_WHAT THE TASK ASKS_: From the entries below, return every line that includes the word "sleeves".

─── EXERCISE INPUTS

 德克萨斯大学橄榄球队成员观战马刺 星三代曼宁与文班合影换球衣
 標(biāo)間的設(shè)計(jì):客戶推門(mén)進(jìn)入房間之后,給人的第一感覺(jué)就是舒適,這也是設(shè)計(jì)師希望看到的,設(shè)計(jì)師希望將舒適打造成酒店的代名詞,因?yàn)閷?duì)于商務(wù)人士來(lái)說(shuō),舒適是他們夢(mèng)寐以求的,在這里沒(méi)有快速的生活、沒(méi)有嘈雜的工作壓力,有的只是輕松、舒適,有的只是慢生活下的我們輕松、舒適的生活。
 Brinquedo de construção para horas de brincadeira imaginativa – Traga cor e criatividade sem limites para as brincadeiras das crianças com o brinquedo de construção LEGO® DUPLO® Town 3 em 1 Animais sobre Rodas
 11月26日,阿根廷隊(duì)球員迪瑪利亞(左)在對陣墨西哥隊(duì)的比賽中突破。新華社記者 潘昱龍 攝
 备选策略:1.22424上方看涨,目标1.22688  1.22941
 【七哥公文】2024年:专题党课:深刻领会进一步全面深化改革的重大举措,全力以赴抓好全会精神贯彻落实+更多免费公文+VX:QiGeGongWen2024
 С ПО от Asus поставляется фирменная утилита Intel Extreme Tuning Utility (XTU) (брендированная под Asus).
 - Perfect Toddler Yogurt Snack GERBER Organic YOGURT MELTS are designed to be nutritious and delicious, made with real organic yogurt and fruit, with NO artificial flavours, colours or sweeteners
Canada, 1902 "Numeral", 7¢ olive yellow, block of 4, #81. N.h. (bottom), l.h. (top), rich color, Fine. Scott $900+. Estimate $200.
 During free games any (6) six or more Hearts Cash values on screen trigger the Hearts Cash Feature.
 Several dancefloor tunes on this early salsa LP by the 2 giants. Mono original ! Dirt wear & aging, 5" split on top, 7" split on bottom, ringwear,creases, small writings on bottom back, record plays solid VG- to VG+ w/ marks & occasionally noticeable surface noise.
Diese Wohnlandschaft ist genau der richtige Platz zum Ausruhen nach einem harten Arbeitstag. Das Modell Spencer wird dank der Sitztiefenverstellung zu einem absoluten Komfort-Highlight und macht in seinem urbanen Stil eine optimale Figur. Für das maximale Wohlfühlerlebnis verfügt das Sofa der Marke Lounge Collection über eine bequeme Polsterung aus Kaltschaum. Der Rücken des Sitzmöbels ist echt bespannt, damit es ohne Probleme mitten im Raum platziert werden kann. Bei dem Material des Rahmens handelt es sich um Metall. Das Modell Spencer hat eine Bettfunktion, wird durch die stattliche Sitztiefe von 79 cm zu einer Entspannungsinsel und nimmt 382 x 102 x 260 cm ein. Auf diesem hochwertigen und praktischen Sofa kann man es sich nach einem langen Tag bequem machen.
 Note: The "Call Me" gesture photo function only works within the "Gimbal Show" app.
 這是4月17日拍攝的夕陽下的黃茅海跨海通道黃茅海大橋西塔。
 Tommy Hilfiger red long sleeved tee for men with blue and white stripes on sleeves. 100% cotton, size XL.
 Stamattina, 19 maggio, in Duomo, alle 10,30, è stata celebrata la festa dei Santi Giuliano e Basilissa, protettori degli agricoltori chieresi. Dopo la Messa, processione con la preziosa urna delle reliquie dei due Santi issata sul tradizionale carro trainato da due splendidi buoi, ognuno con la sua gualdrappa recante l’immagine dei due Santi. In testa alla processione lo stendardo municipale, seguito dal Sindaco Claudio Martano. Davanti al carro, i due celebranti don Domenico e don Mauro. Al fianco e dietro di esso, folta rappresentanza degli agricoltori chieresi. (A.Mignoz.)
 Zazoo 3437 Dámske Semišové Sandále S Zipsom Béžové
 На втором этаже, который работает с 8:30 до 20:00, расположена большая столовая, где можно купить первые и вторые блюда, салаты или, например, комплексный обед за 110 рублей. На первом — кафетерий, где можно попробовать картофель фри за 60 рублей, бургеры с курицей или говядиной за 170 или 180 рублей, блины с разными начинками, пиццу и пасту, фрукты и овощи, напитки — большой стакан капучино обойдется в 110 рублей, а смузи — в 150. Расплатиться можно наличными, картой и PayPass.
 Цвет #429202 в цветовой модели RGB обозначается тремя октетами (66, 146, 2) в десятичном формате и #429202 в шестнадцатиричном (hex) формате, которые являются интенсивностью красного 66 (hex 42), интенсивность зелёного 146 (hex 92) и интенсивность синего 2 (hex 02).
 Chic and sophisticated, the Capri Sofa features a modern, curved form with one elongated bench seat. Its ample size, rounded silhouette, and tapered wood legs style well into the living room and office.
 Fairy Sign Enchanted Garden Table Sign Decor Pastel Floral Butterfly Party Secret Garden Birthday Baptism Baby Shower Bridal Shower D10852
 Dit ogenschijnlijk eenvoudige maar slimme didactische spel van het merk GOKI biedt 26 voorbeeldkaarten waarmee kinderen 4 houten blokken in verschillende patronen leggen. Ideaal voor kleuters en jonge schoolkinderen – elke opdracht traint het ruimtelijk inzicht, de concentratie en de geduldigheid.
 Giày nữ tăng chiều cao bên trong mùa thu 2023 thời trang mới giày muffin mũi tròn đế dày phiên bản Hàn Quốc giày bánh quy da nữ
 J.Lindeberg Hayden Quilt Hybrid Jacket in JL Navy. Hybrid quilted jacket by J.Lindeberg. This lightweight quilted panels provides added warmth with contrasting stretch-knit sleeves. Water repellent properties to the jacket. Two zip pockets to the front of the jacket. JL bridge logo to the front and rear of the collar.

──────

_EXERCISE OUTPUT_:
 Tommy Hilfiger red long sleeved tee for men with blue and white stripes on sleeves. 100% cotton, size XL.
 J.Lindeberg Hayden Quilt Hybrid Jacket in JL Navy. Hybrid quilted jacket by J.Lindeberg. This lightweight quilted panels provides added warmth with contrasting stretch-knit sleeves. Water repellent properties to the jacket. Two zip pockets to the front of the jacket. JL bridge logo to the front and rear of the collar.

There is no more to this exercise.